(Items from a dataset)
###

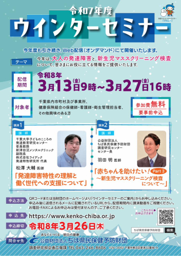 毎年、千葉県内の保健師、看護師、衛生管理担当者等の皆様、その他興味のある方を対象に、健康づくりを考える「ウインターセミナー」。 今年度も Web 配信で実施致します。 *チラシのダウ...
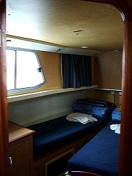 A l’avant, deux cabines, dont les lits se joignent pour former un
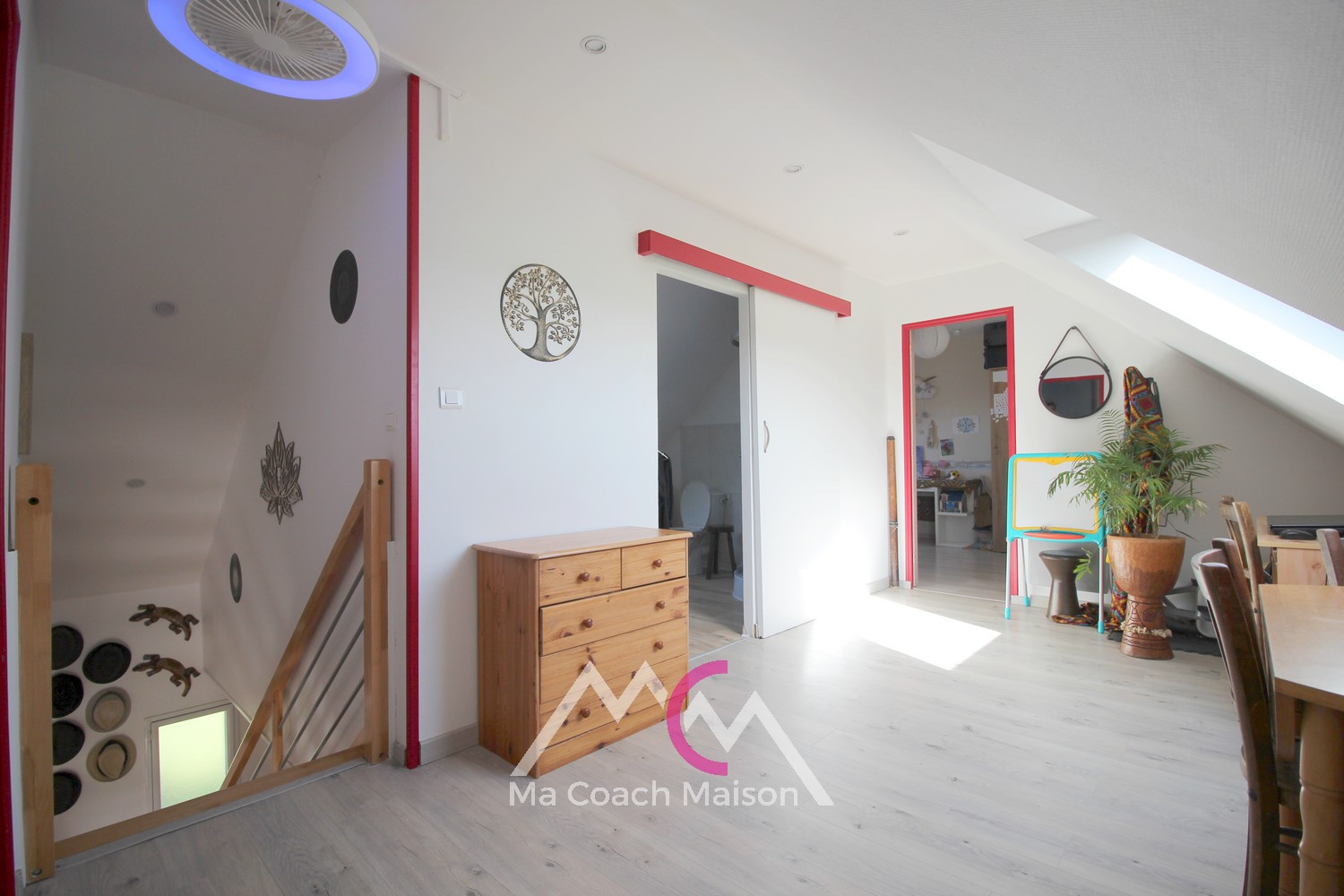 À l'étage, une agréable mezzanine créée un espace supplémentaire idéal pour un bureau ou un espace détente, et dessert deux chambres avec rangements, ainsi qu'une salle d'eau avec wc.
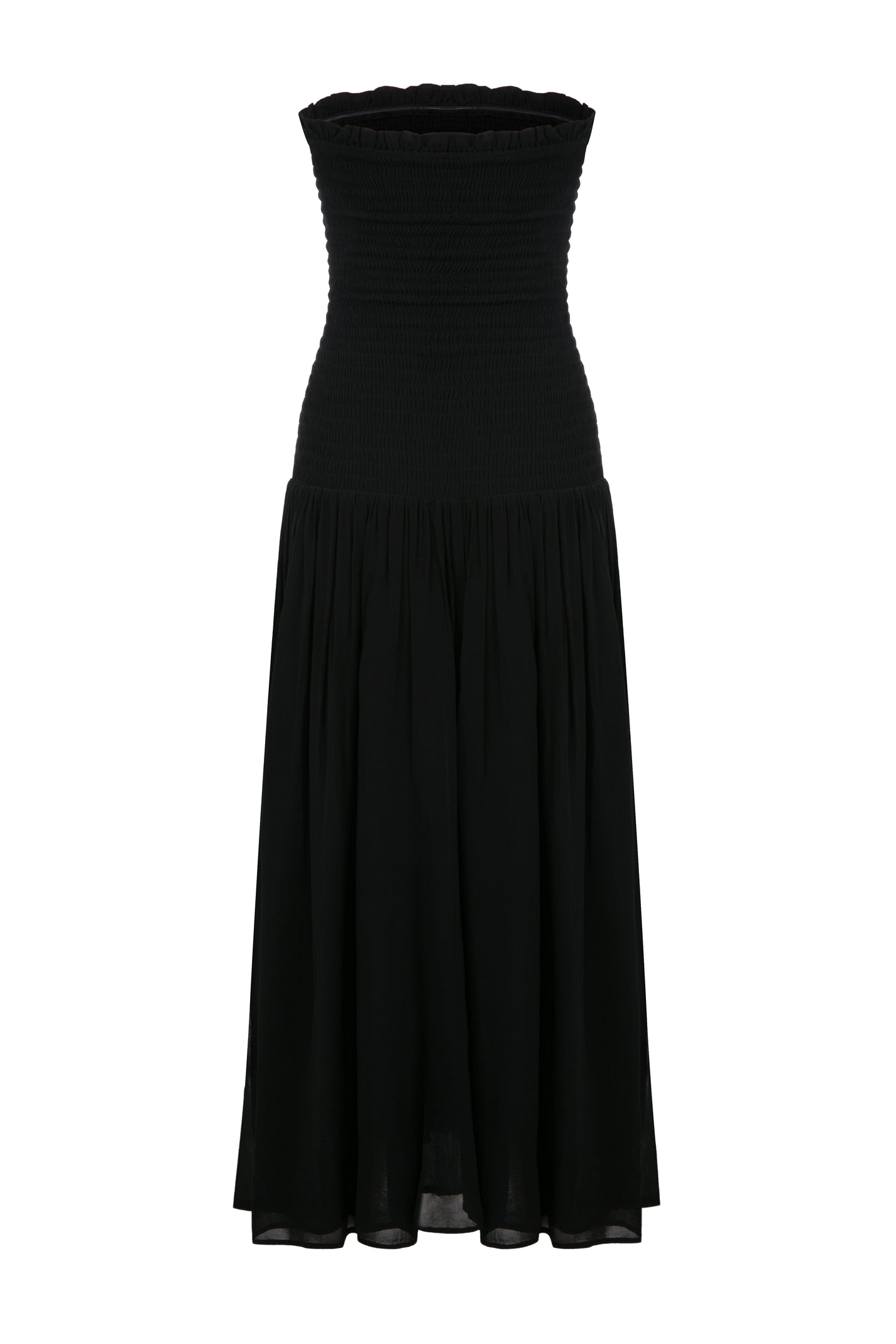 Strapless midi dress featuring a fully smocked bodice and a gathered, flowy skirt. Designed with a soft lining in the same quality as the shell fabric for a smooth, comfortable finish. Semi-sheer effect at the hem.
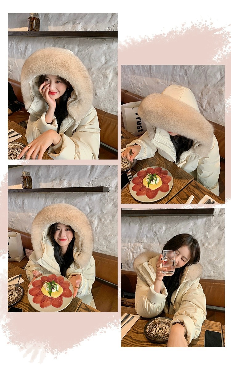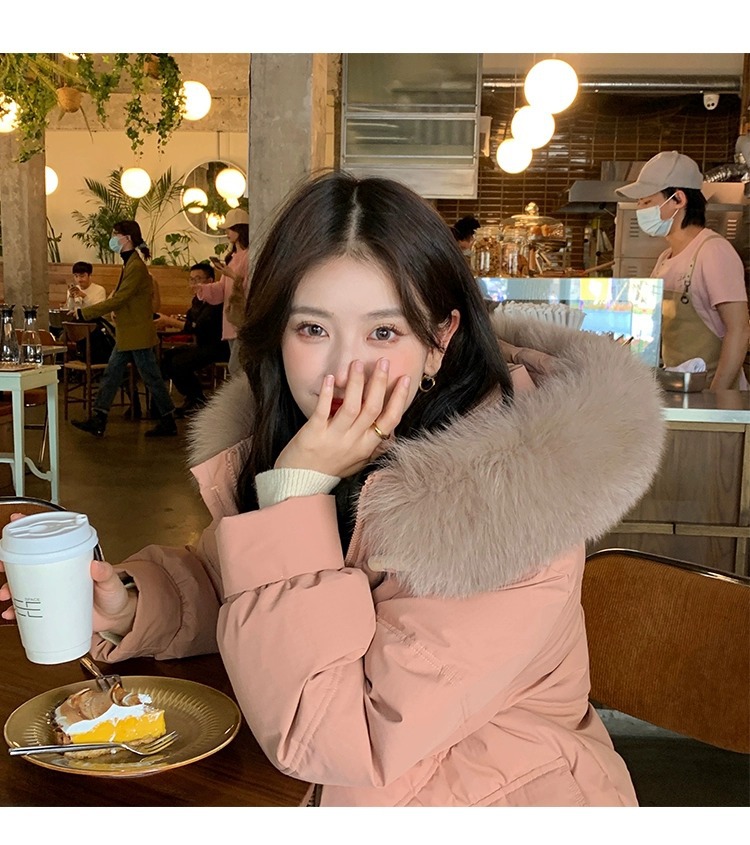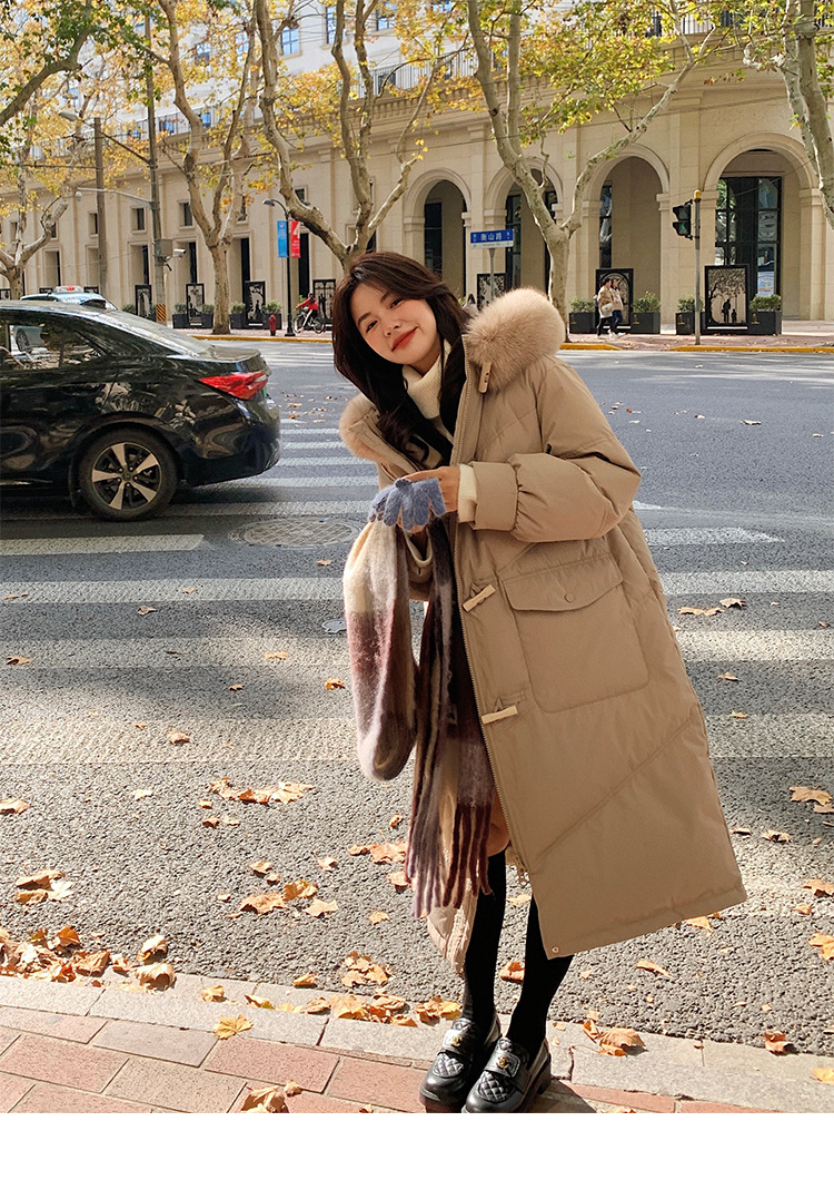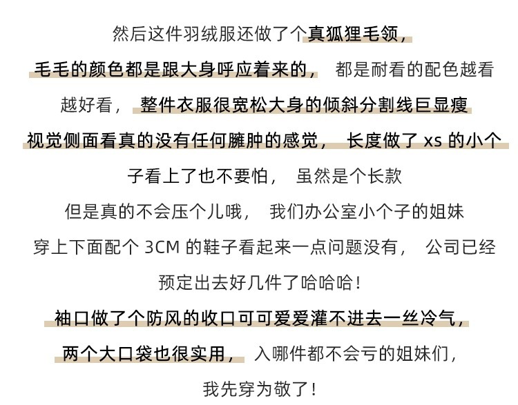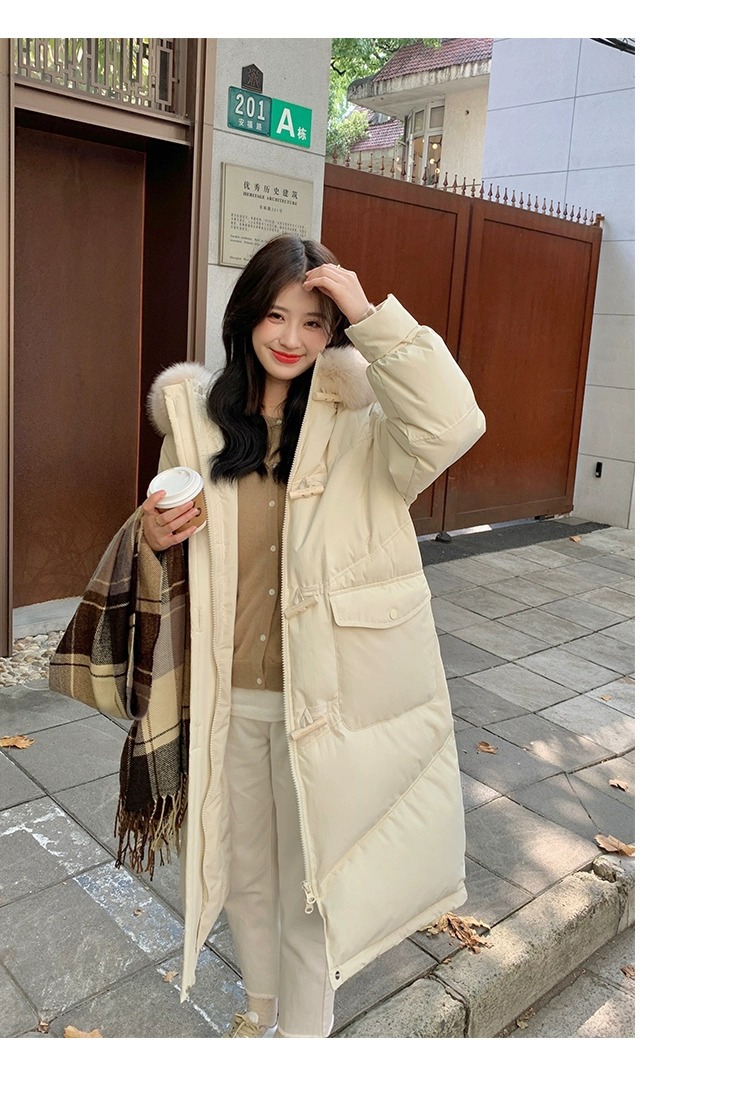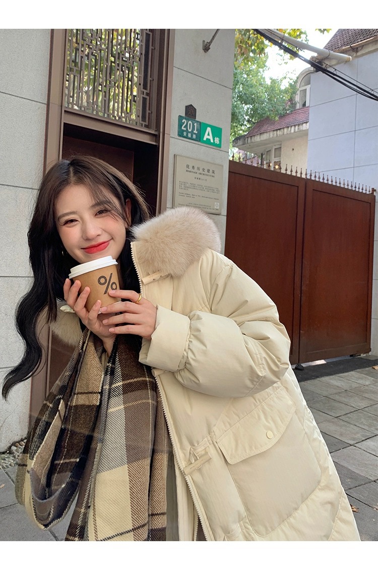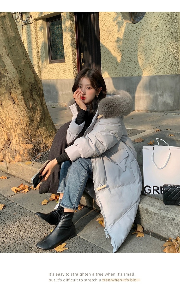 平湖羽绒服女中长款韩版宽松加厚白鸭绒小个子大毛领狐狸毛设计感
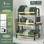 3 TIER RUSTLESS DISH DRAINER & PLATE RACK..BLACK & GOLD

###

Problem requirements
With the pictures omitted, set down each line exactly, starting at the first line of the records above and ending with the line that contains "À l'étage, une".

Your solution
 毎年、千葉県内の保健師、看護師、衛生管理担当者等の皆様、その他興味のある方を対象に、健康づくりを考える「ウインターセミナー」。 今年度も Web 配信で実施致します。 *チラシのダウ...
 A l’avant, deux cabines, dont les lits se joignent pour former un
 À l'étage, une agréable mezzanine créée un espace supplémentaire idéal pour un bureau ou un espace détente, et dessert deux chambres avec rangements, ainsi qu'une salle d'eau avec wc.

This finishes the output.